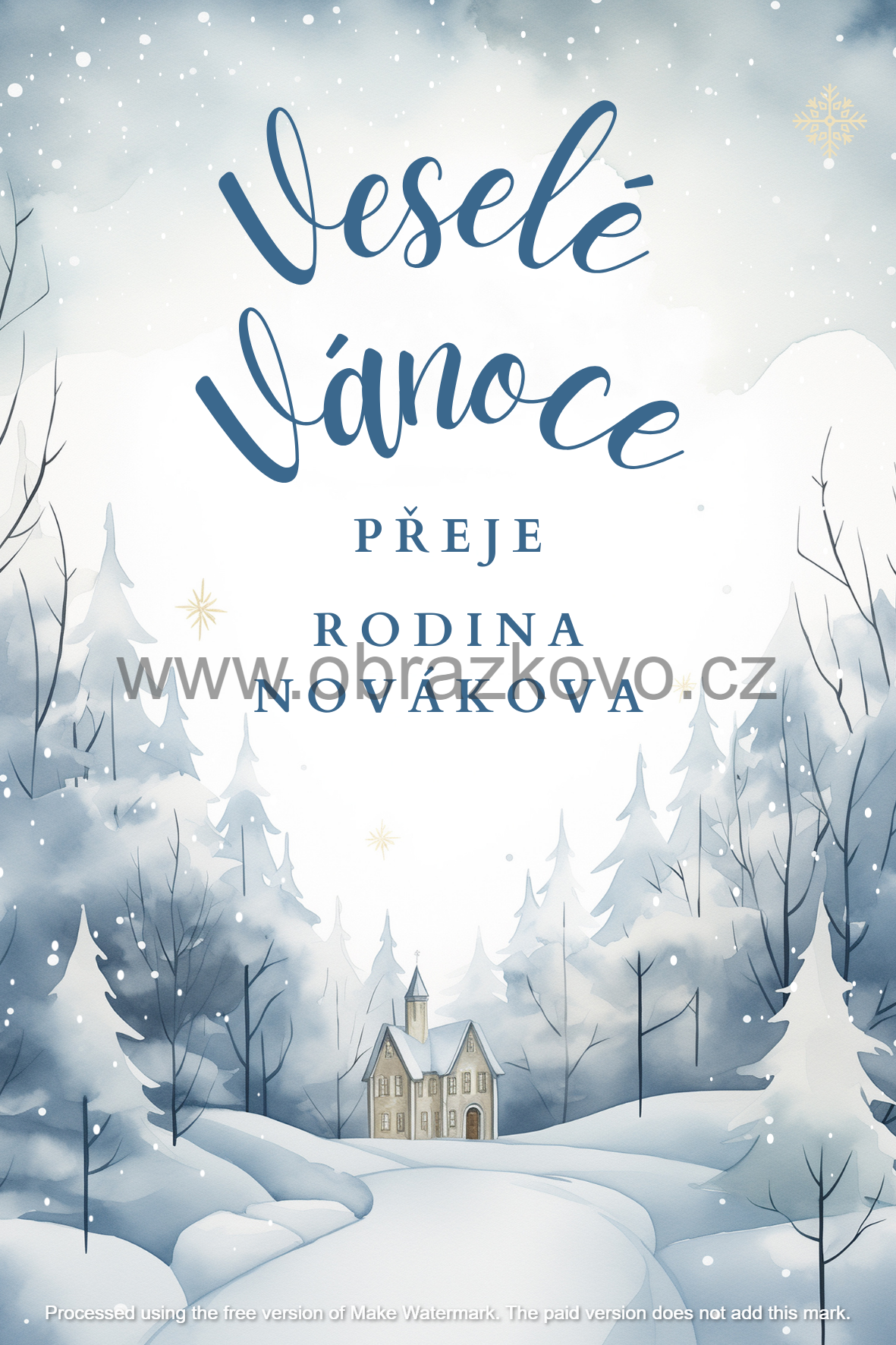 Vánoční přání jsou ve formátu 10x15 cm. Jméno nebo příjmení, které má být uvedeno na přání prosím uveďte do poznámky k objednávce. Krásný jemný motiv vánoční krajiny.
● ● ● ● ● ● ●
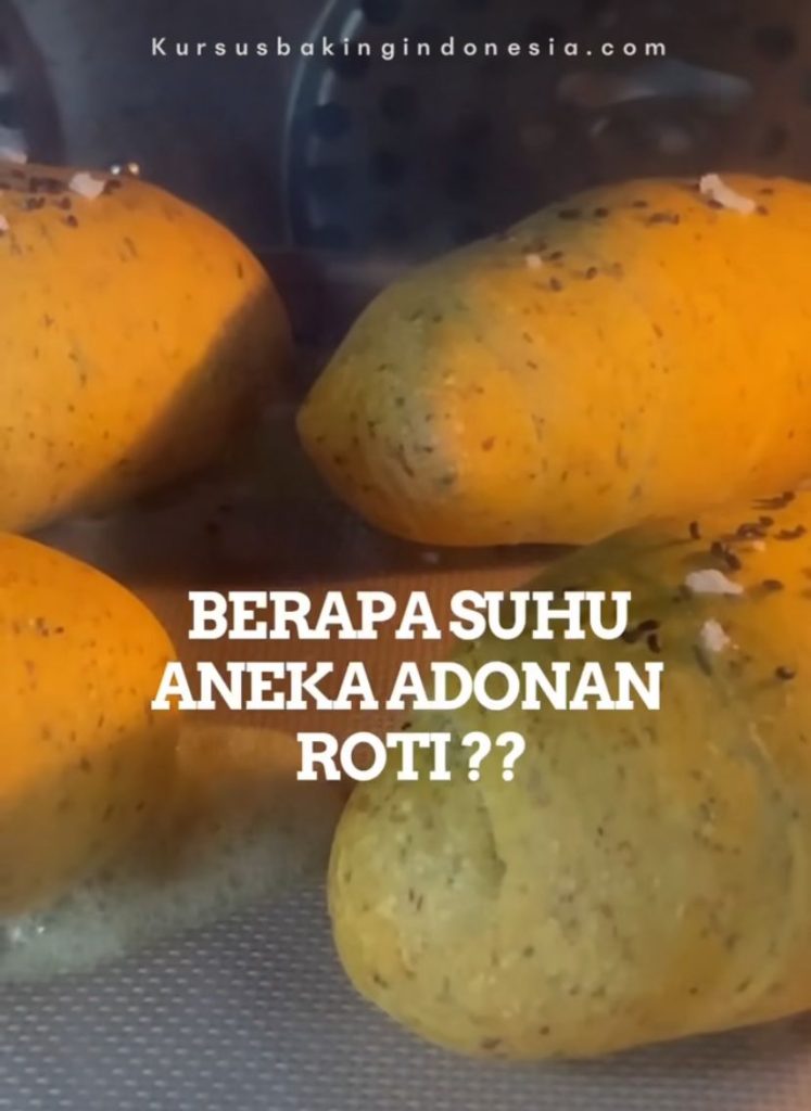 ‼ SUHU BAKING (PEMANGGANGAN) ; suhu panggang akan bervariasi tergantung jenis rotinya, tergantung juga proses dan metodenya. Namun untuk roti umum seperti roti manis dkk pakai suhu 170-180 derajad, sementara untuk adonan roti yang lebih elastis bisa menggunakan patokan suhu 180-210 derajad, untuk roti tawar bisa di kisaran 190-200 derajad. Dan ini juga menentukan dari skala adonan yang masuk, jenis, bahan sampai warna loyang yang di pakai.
● ● ● ● ● ● ●
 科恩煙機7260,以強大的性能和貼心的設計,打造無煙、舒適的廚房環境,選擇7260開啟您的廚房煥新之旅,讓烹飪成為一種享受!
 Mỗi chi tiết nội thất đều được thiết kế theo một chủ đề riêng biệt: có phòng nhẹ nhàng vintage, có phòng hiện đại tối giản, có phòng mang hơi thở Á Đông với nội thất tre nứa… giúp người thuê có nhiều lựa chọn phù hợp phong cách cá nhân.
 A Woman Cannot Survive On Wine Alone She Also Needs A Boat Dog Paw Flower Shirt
● ● ● ● ● ● ●
TASK ITEM:
Please give again the lines above between the line holding "科恩煙機7260,以強大的性" and the line holding "A Woman Cannot", inclusive, exactly as they are and with nothing added.

SOLUTION TO THIS PROBLEM:
 科恩煙機7260,以強大的性能和貼心的設計,打造無煙、舒適的廚房環境,選擇7260開啟您的廚房煥新之旅,讓烹飪成為一種享受!
 Mỗi chi tiết nội thất đều được thiết kế theo một chủ đề riêng biệt: có phòng nhẹ nhàng vintage, có phòng hiện đại tối giản, có phòng mang hơi thở Á Đông với nội thất tre nứa… giúp người thuê có nhiều lựa chọn phù hợp phong cách cá nhân.
 A Woman Cannot Survive On Wine Alone She Also Needs A Boat Dog Paw Flower Shirt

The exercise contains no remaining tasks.